DVD subscriber since 2006, when I moved to a rural area from a large city and missed the art houses I patronized. I was bowled over by the special collections like ballets, foreign films and BBC stuff. — Joan, Salem, S.C.
My husband and I had a DVD subscription to Netflix while we were stationed in Germany from 2004-7. They would ship the discs through the USPS to our military postal boxes. — Nina Grant, Denver
If you live in hurricane country as I do, the insurance of having a few DVD movies at hand for when the cable service goes out is peace of mind, just like the whole-house generator that will power the TV and DVD player. — Fern Bugg, Wilmington, N.C.
In the early years, I spent about half of each year in Antarctica. This started before streaming services, and once they came along, we wouldn’t have been able to stream movies anyway, due to bandwidth issues. It took a long time for each new DVD to arrive, but it was better than rewatching all the old VHS tapes we had on station. — Andy Young, Talkeetna, Alaska
Last month, I went to see Scorsese’s new movie, “Killers of the Flower Moon,” at an indie theater. The final disc of my marathon, the somber “Silence,” had long since been returned, yet I still had Netflix on my mind. The energy in the room felt like a throwback to another time: Here was a big-budget drama from a distinguished director playing to a sold-out audience at the Brooklyn Academy of Music. But the epic was produced by Apple and bound to be viewed by many audiences through that company’s streaming service, which is banking on the movie to attract new subscribers.
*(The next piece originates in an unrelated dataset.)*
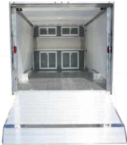
Optional Cabinet Package Shown
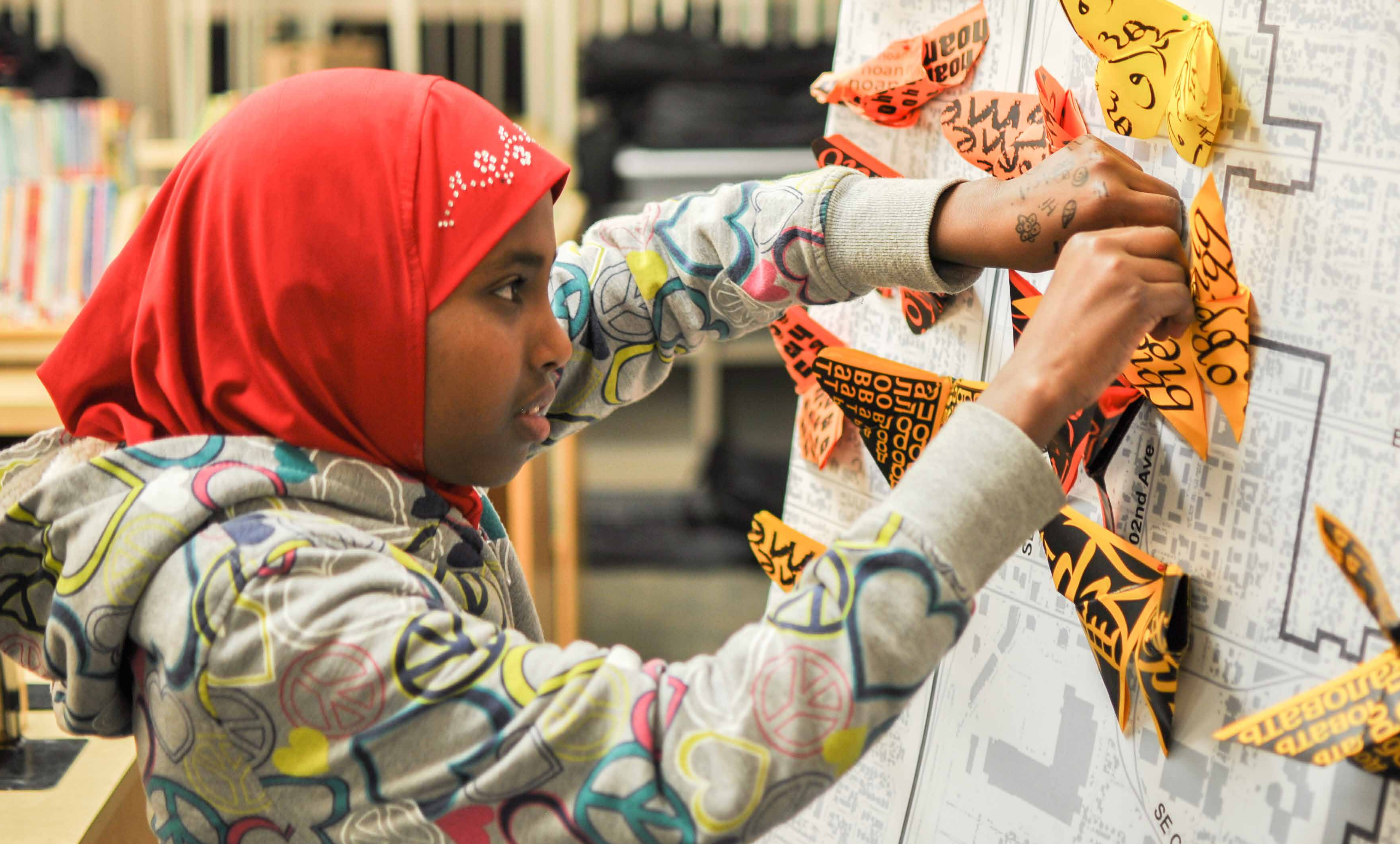
Inclusion. Passed down from previous generations, the power of hope for a community where 70 languages are spoken, remains. The Monarch, ' Danaus Plexippus ' (Sleepy Transformation) sparks this journey through a series of community engagement gatherings and celebrations.

The film was debuting in a moviegoing culture transformed by streaming and, by extension, Netflix.
In that way, watching “Killers of the Flower Moon” in a theater felt a little like going to an ailing mom-and-pop video store when Netflix’s DVDs-by-mail business was ascendant: It was an act undertaken because you loved the experience, and because you weren’t sure how long it would be available.
Sitting in the theater, a few weeks after Netflix’s DVD service had formally ended, alongside other people who had trudged in the rain to see a Scorsese movie on opening night, our red envelope days felt both far away and very close.